Give back, word for word, the lines in the listing below from the one holding "TH6350 M4 Ø5" down to the one holding "GRAOUA - ROSE", both ends included.

* [Records for the exercise]:
↓

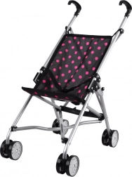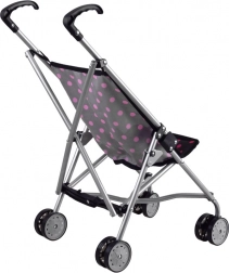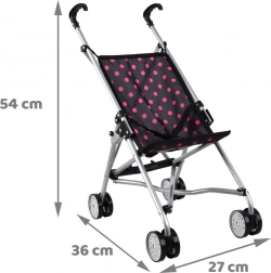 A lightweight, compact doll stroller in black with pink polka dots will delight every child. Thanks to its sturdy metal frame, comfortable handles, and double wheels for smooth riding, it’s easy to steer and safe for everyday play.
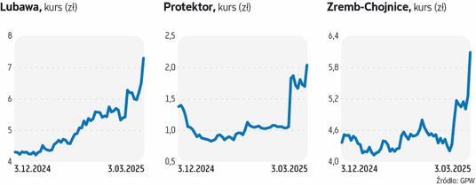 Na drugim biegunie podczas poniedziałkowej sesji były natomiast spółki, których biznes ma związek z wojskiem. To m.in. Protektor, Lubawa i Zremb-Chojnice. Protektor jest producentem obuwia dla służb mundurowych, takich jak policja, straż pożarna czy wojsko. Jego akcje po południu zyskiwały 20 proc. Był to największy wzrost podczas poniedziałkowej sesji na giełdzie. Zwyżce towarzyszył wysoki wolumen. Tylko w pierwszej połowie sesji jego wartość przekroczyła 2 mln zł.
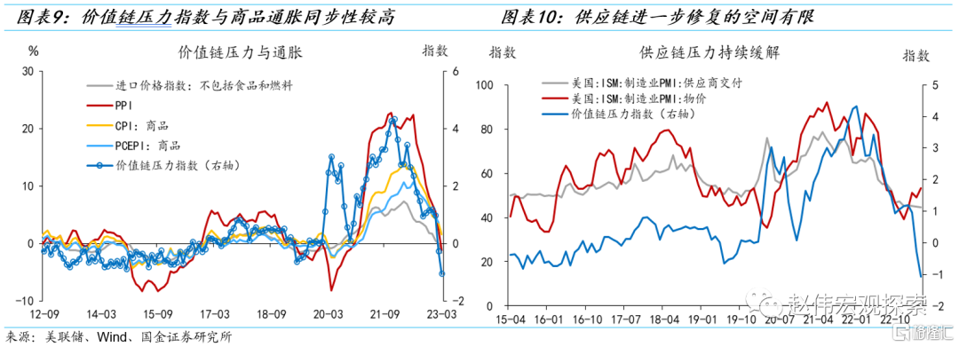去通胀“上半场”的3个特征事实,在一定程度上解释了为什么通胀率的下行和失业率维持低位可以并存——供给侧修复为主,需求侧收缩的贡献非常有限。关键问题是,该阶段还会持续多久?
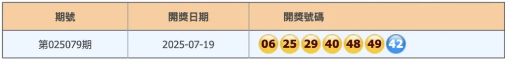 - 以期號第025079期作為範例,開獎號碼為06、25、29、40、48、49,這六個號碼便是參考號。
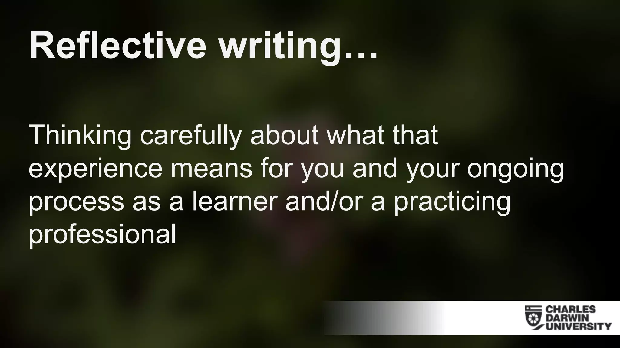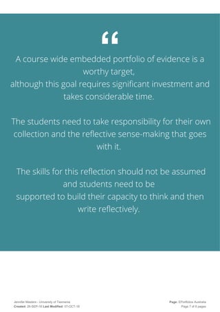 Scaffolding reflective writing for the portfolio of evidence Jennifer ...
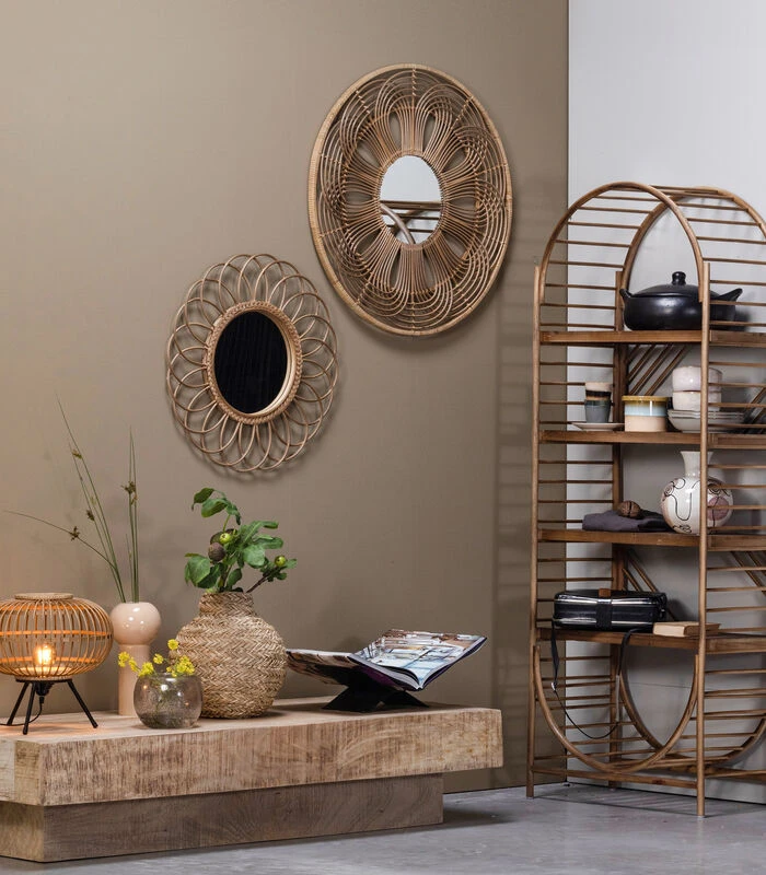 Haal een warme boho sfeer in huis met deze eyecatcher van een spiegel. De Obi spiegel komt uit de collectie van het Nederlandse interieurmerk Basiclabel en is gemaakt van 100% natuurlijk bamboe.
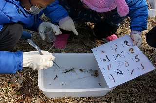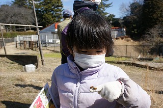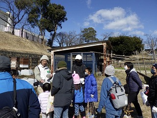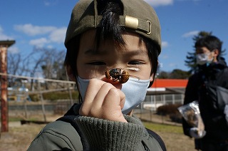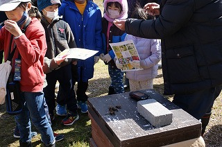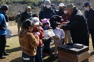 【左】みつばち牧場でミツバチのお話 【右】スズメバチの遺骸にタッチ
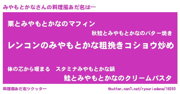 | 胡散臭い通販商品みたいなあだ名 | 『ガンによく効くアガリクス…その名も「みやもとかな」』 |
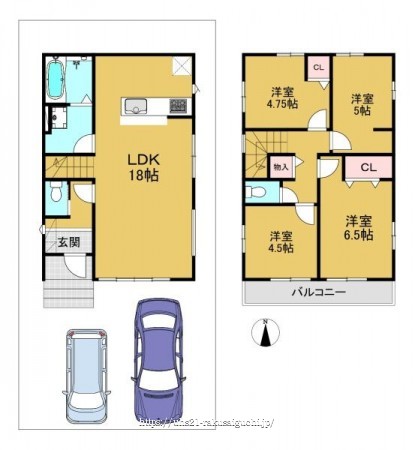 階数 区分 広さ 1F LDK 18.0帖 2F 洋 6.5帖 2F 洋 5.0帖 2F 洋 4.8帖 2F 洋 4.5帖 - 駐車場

↑
↓

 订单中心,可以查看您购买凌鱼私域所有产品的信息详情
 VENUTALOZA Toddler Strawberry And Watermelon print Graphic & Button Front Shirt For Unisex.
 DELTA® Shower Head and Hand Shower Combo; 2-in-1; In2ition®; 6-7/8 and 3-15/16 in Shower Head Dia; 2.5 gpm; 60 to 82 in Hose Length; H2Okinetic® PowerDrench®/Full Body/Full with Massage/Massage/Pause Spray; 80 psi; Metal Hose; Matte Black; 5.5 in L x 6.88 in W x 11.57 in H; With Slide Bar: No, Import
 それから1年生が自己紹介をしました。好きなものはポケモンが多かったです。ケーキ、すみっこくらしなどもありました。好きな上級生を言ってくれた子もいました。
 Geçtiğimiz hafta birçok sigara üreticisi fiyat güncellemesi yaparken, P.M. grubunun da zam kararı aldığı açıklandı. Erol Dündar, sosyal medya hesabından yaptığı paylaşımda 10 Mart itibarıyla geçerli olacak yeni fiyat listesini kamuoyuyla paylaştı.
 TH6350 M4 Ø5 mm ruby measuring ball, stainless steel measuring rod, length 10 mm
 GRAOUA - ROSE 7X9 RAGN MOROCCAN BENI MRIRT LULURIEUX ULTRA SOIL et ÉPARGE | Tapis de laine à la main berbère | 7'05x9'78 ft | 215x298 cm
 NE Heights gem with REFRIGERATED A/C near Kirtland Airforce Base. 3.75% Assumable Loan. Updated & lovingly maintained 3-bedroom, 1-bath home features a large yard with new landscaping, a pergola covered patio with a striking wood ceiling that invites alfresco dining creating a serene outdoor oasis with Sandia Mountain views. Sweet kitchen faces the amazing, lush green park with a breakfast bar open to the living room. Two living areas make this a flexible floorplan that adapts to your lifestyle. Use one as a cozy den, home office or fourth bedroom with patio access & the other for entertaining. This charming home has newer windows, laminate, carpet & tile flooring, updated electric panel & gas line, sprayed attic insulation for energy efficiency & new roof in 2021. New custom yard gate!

↑
↓

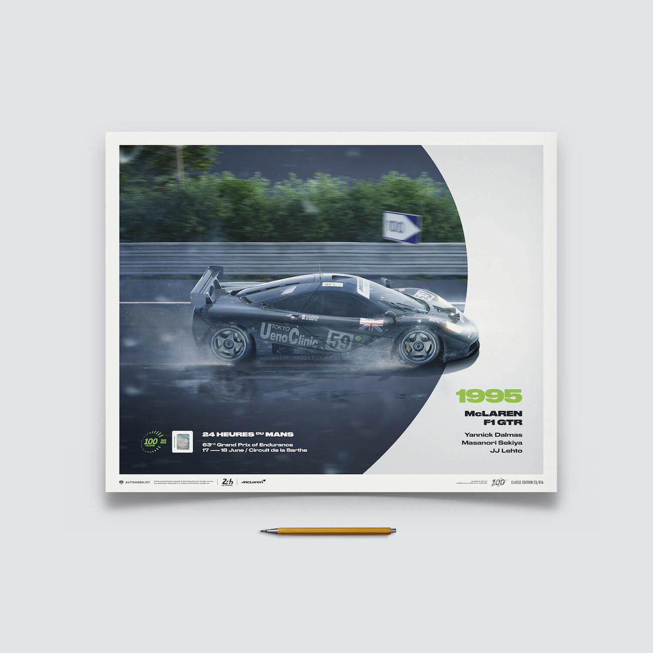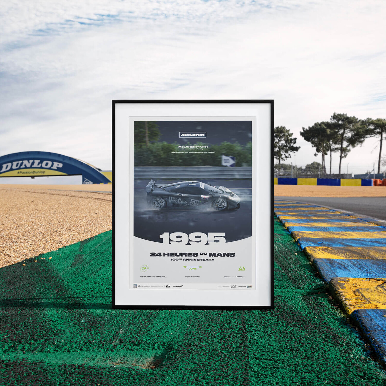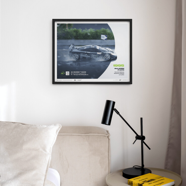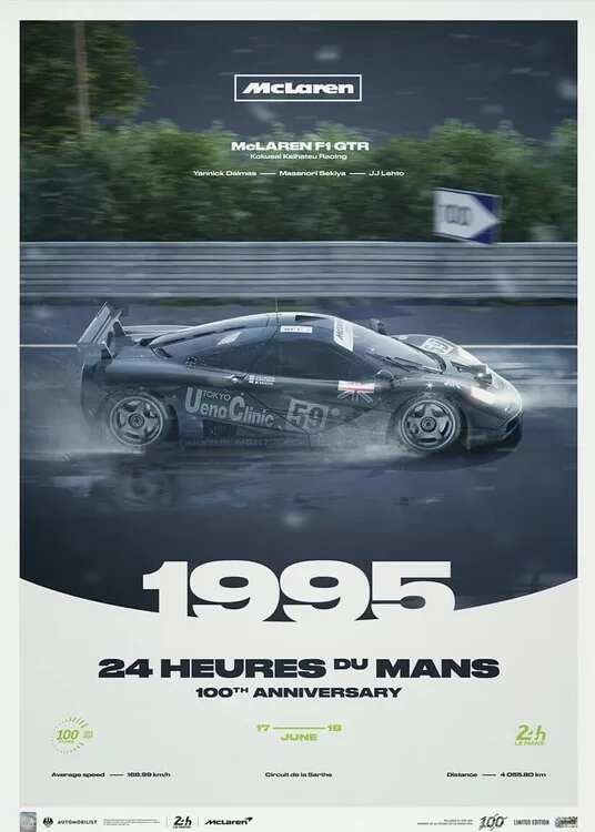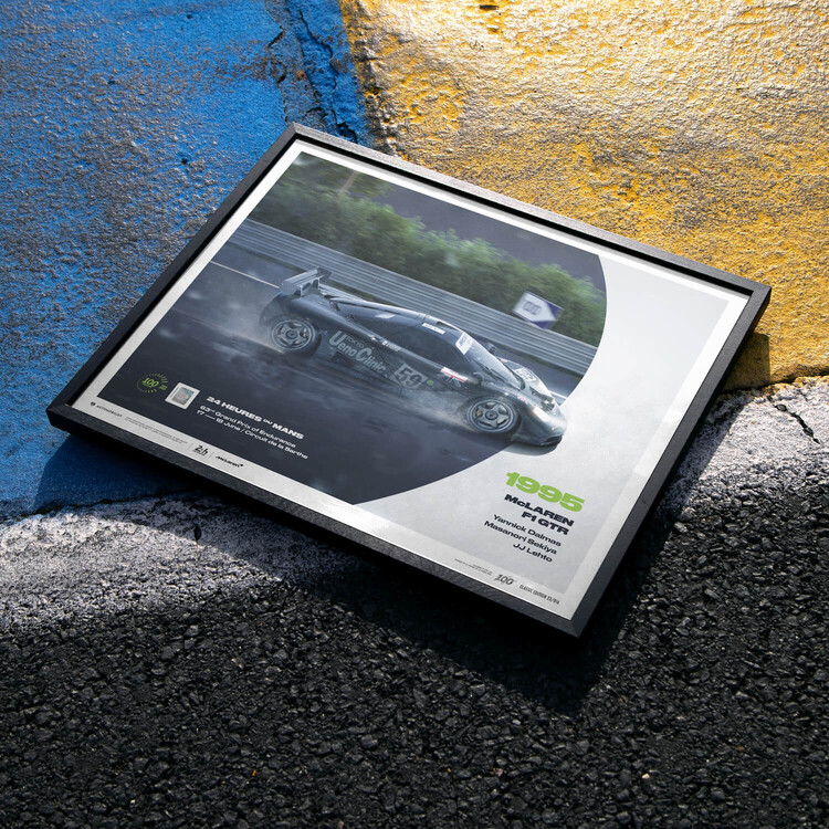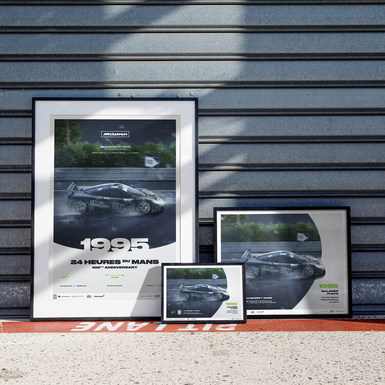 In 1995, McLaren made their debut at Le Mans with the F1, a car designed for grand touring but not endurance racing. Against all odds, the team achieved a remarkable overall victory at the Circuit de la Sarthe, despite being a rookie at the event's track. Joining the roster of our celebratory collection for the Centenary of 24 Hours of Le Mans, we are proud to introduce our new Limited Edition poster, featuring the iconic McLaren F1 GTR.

↑

* [Reply to the exercise]:
 TH6350 M4 Ø5 mm ruby measuring ball, stainless steel measuring rod, length 10 mm
 GRAOUA - ROSE 7X9 RAGN MOROCCAN BENI MRIRT LULURIEUX ULTRA SOIL et ÉPARGE | Tapis de laine à la main berbère | 7'05x9'78 ft | 215x298 cm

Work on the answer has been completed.